Why can some materials be turned into magnets? It’s all thanks to magnetic domains
In ferromagnetic materials, like iron and nickel, groups of atoms band together in areas called domains. The magnetic strength and orientation, also called the magnetic moments, of the individual atoms in such a domain are aligned with one another and all point in the same direction. It’s those special domains that can turn the material into a magnet.
Every electron is a teeny tiny magnet. They have a north and a south pole and spin around an axis. This spinning results in a very small but extremely significant magnetic field.
In most materials, the magnetic orientation of one electron cancels out the orientation of another. When a material is ferromagnetic, though, those electrons and their magnetic fields join together and their axes align. This makes those little magnetic fields add up, instead of cancelling out.
The tutorial below shows you how these domains respond to an outside magnetic field.
Observe the different directions the arrows inside the piece of ferromagnetic material are pointing. Each arrow represents the magnetic orientation of a domain.
Move the bar magnet closer to the ferromagnetic material by using the slider.
Watch how the magnetic orientation of the domains rotate along an axis when they’re effected by the magnetic field of the bar magnet.
Once the magnetic fields are all aligned, hit reset.
See what happens to the domains when you have the magnet in different positions. Reset to try again.
When all the domains inside of the ferromagnetic material are aligned you have created a new permanent magnet. When magnetized, the magnetic moments of the atoms inside of the ferromagnetic material are organized to create a macroscopic magnet, meaning the piece of material has a north and south pole.

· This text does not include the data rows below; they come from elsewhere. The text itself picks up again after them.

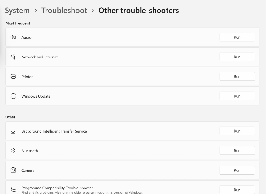 行きます設定>システム>トラブルシューティング>その他のトラブルシューター問題に直面しているコンポーネントの横にある[実行]をクリックします。
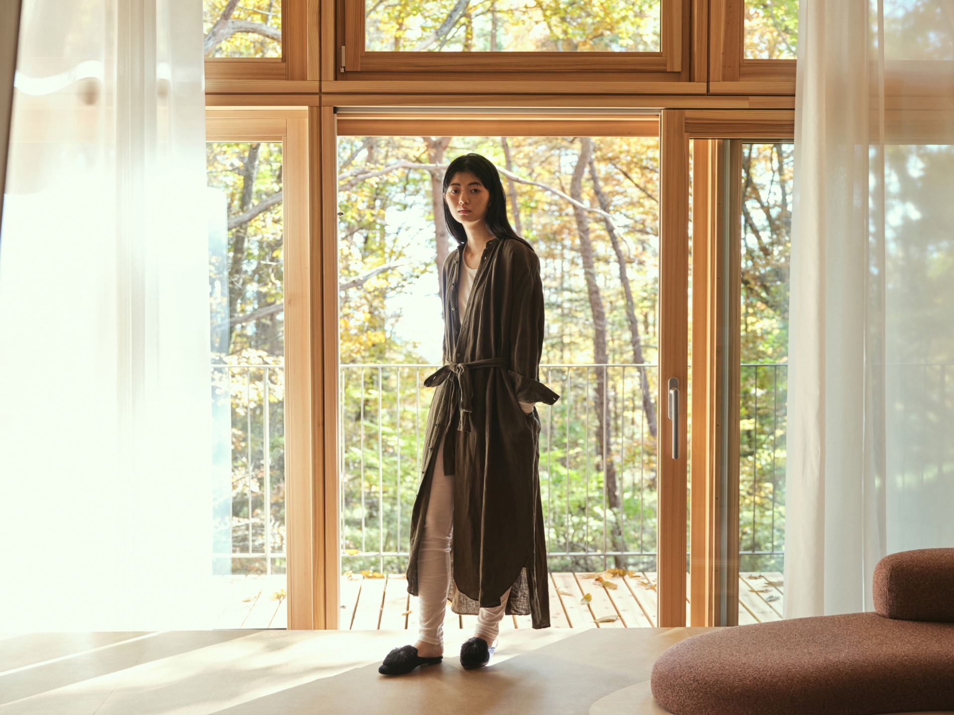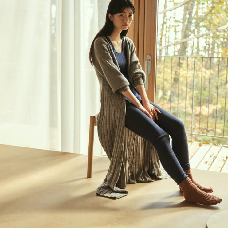 ワイドパンツやワンピースの重ね着にもぴったり。
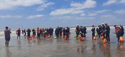 Detail: We will embark out to sea and to be able to swim almost 5k from the beach, we will make floating islands of safety on the high seas, with our fleet of elements and boats. As you like, play and swim enjoying the sea in its natural state. With us, you Podes!
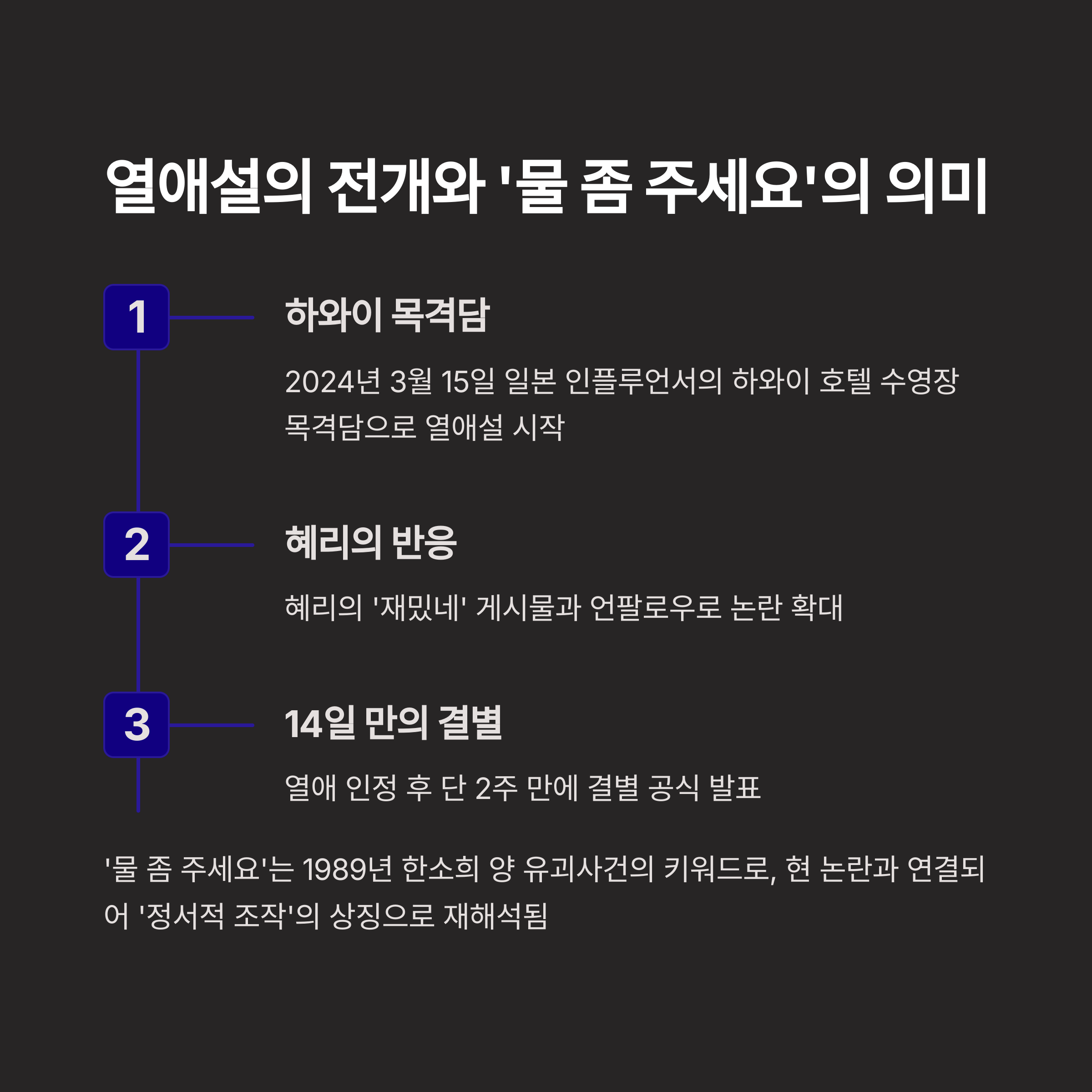 배우 한소희와 류준열의 열애설은 2024년 3월 하와이 목격담을 시작으로 한국 연예계 최대 화제로 부상했습니다. 이 과정에서 전 여자친구 혜리의 소셜미디어 반응이 논란을 확대시켰으며, '환승연애' 의혹과 더불어 '물 좀 주세요'라는 키워드가 역사적 사건과의 유사성으로 재조명받고 있습니다. 본 보고서는 최근 사건의 전말과 역사적 컨텍스트를 종합적으로 분석합니다.
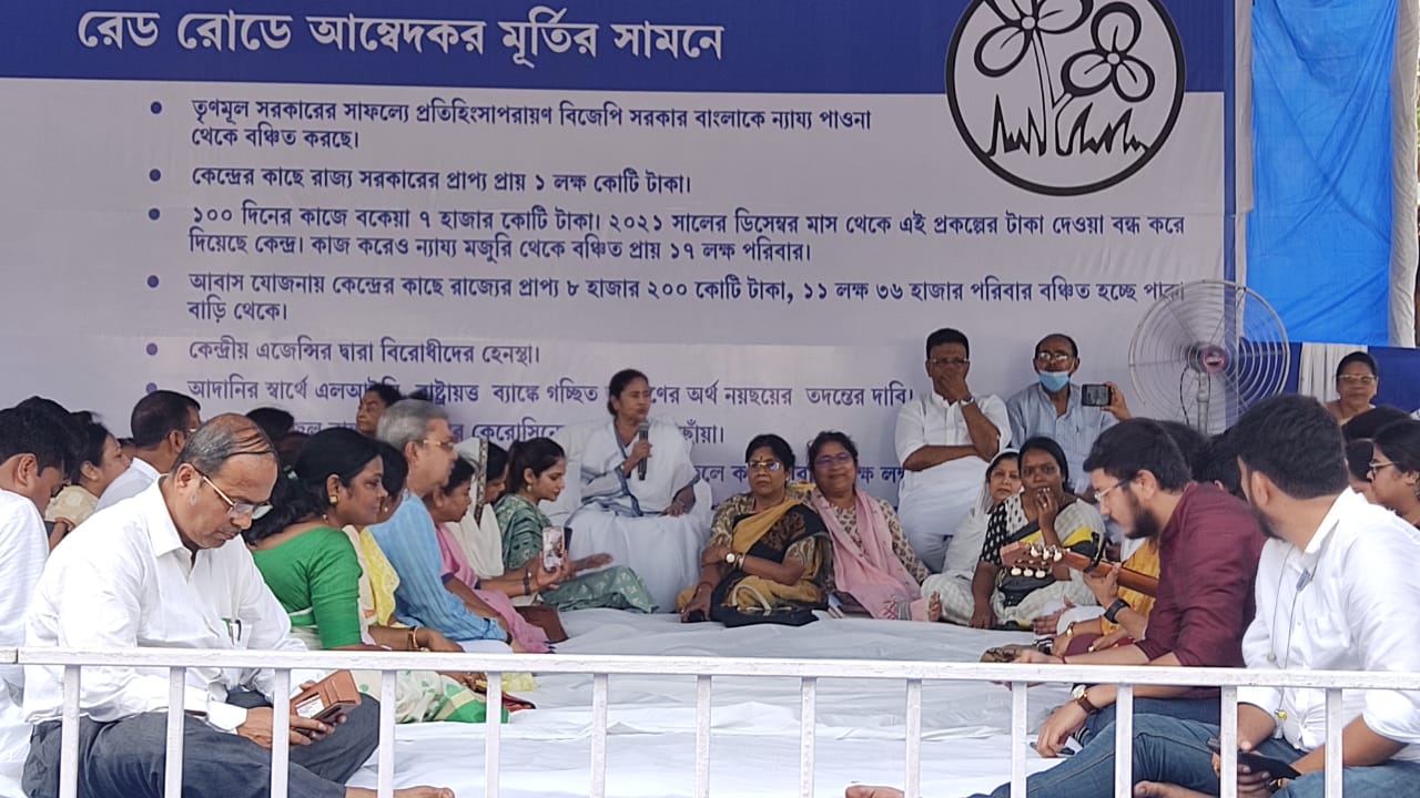 কেন্দ্রীয় বঞ্চনা, কেন্দ্রীয় এজেন্সির অপব্যবহার সহ একাধিক ইস্যুতে রেড রোডে গতকাল, বুধবার থেকে ধর্নায় বসেছেন তৃণমূল নেত্রী মমতা বন্দ্যোপাধ্যায়। আজ, বৃহস্পতিবার দ্বিতীয় দিনে সেই ধর্না মঞ্চে যোগ দেয় যাদবপুর, প্রেসিডেন্সি, কলকাতা বিশ্ববিদ্যালয়ে পড়ুয়ারা। টানা ৩০ ঘণ্টা ধরে আম্বেদকরের মূর্তির পাদদেশে কেন্দ্রের মোদি সরকারের অপশাসনের বিরুদ্ধে ধর্না করছেন তৃণমূল কংগ্রেস সুপ্রিমো। চলবে আজ, বৃহস্পতিবার সন্ধ্যা ৭টা পর্যন্ত।

There are only four elements in the world that are ferromagnetic at room temperature and can become permanently magnetized: iron, nickel, cobalt and gadolinium. Ferromagnets stay magnetized for a long time, sometimes for millions of years. Magnet magnetic domains
Magnetic domains refer to regions within a magnetic material where the atomic magnetic moments are aligned in the same direction. These domains play a crucial role in determining the overall magnetic properties of a material.
In a non-magnetized material, the magnetic moments of individual atoms or ions are randomly oriented, resulting in no net magnetic field. However, when an external magnetic field is applied to the material, the magnetic moments tend to align with the field direction. As the field strength increases, more and more magnetic moments align, leading to the formation of magnetic domains. Magnet magnetic domains
Each domain acts as a tiny magnet with its own north and south poles. Within a domain, the magnetic moments are aligned parallel to each other, while neighboring domains may have different orientations. The boundaries between these domains are known as domain walls.
The size and shape of magnetic domains depend on various factors such as temperature, crystal structure, and the presence of impurities or defects in the material. At low temperatures, domains tend to be larger and better defined. As temperature increases, thermal energy disrupts the alignment of magnetic moments, causing domains to shrink and become less distinct. Magnet magnetic domains
The behavior of magnetic domains can be understood using the concept of exchange interaction. This interaction arises from the quantum mechanical exchange coupling between neighboring atoms or ions in a material. It tends to favor parallel alignment of adjacent spins, leading to the formation of well-defined domains.